1. State the relevant null and alternative hypotheses.
2. Pick a test statistic $T$.
3. Derive the distribution of the statistic under the null hypothesis.
4. Select a significance level $α$. Common values are $5\%$ and $1\%$.
5. Compute the observed value $t_{obs}$ of the test statistic $T$.
6. Decide to either reject $H_0$ in favor of the alternative or not reject it.

#### Errors

* __Type I error__: reject true null hypothesis.  $p(Error_I) \leq \alpha$.
* __Type II errors__: accept false null hypothesis. 

__Power__ - the probability that the test rejects $H_0$ when a specific alternative $H_1$ is true:

$$\textrm{pow} = P(\textrm{reject }H_0| H_1) = 1 - P(\textrm{accept }H_0| H_1) = 1 - P(Error_{II})$$

__How to pick a criterion__: among all correct criteria select one with the highest power.

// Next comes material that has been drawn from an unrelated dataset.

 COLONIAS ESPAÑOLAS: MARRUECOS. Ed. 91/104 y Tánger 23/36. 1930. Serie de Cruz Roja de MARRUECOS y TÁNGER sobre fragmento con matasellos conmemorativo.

__$p$-value__ - the probability, under the null hypothesis, of obtaining a result equal to or more extreme than what was actually observed:

$$p = P(T \geq t | H_0)$$

__NB__: Statistical significance does not imply practical significance.

## 1. Binomial test for portion

The test can be used when we have results of a set of experiments with only 2 possible outcomes each. In this setting we can check hypotheses about the share $p$ of experiments with positive outcome.

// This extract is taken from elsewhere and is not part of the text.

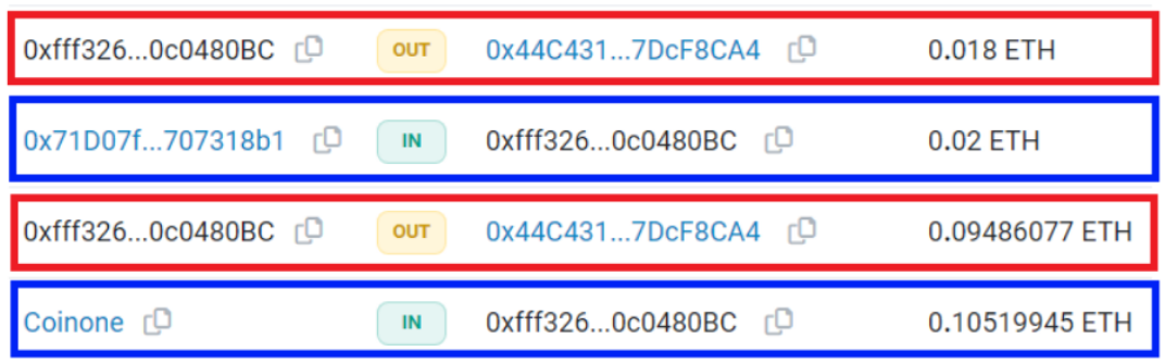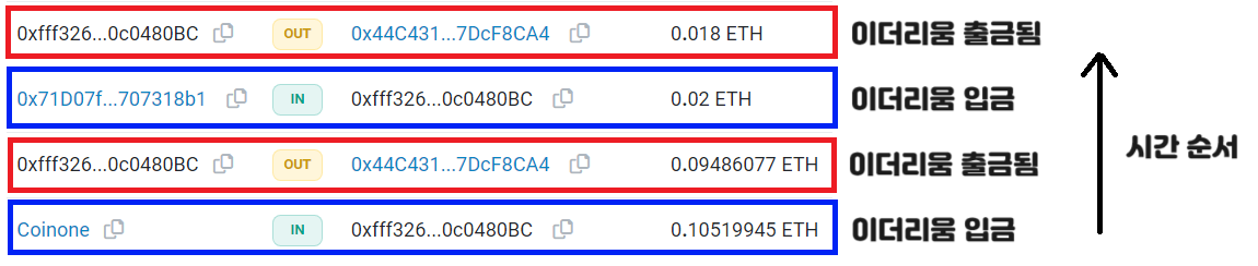 그렇게, 피해자가 이더리움을 넣게 되면 계속 지갑을 감시하고 있던 스위퍼봇이 작동하여, 피해자가 넣은 이더리움은 바로 해커 지갑으로 보내진다. 기록상은 12초(이더리움 1 block)지만, 기록만 그런 것이지 들어오자마자 빠져나간 것이라 봐야 한다.

**Sample**: $X^n = (X_1, \dots, X_n)$

**$H_0$**: $X \sim Bernoulli(p)$

**$H_1$**: $X \sim Bernoulli(q)$, where $q \lt \neq \gt p$

**Statistic**: $T(X^n) = \sum_{i=1}^{n} X_i$

**Null distribution**: $T(X^n) \sim Bin(n, \frac{1}{2})$

## 2. $\chi^2$ test

With this test you can check if the sample $X^n$ has a particular distribution $F(x)$.

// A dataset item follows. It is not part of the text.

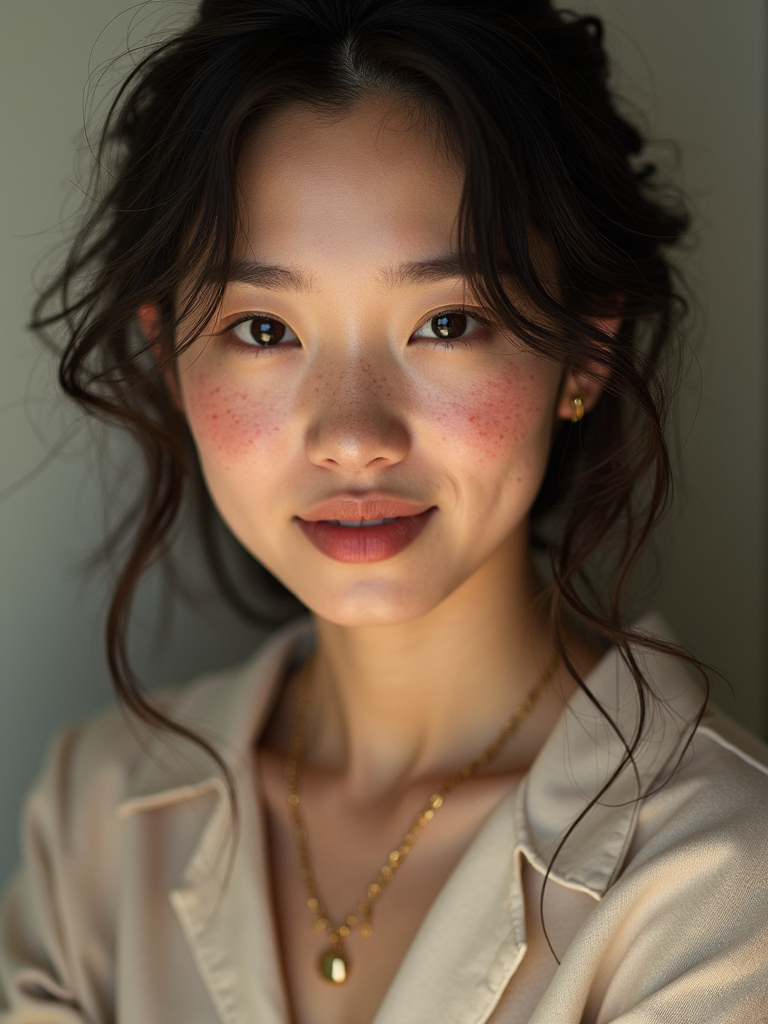 insanely beautiful model with freckles in a commercial lifestyle shoot. Wearing everyday luxury, relatable pose . Lifestyle setting, commercial photography.

**Sample**: $X^n = (X_1, \dots, X_n)$

**$H_0$**: $X \sim F(x)$

**$H_1$**: $X \nsim F(x)$

**Statistic**: $T(X^n) = \sum_{i=1}^{n} \frac{(n_i - np_i)^2}{np_i}$, $n_i$ - number of elements in the $i$-th bin, $p_i$ - probability of being in the $i$-th bin

**Null distribution**: $T(X^n) \sim \chi^2$

## 3. Relation to confidence intervals

For a hypothesis $H_0$: $\theta = \theta_0$ against $H_1$: $\theta \neq \theta_0$ p-value can be found using confidence intervals.

$$p\textrm{-value} = \max \left\{ \alpha: \theta_0 \in \textrm{CI}_{1-\alpha} \right\} $$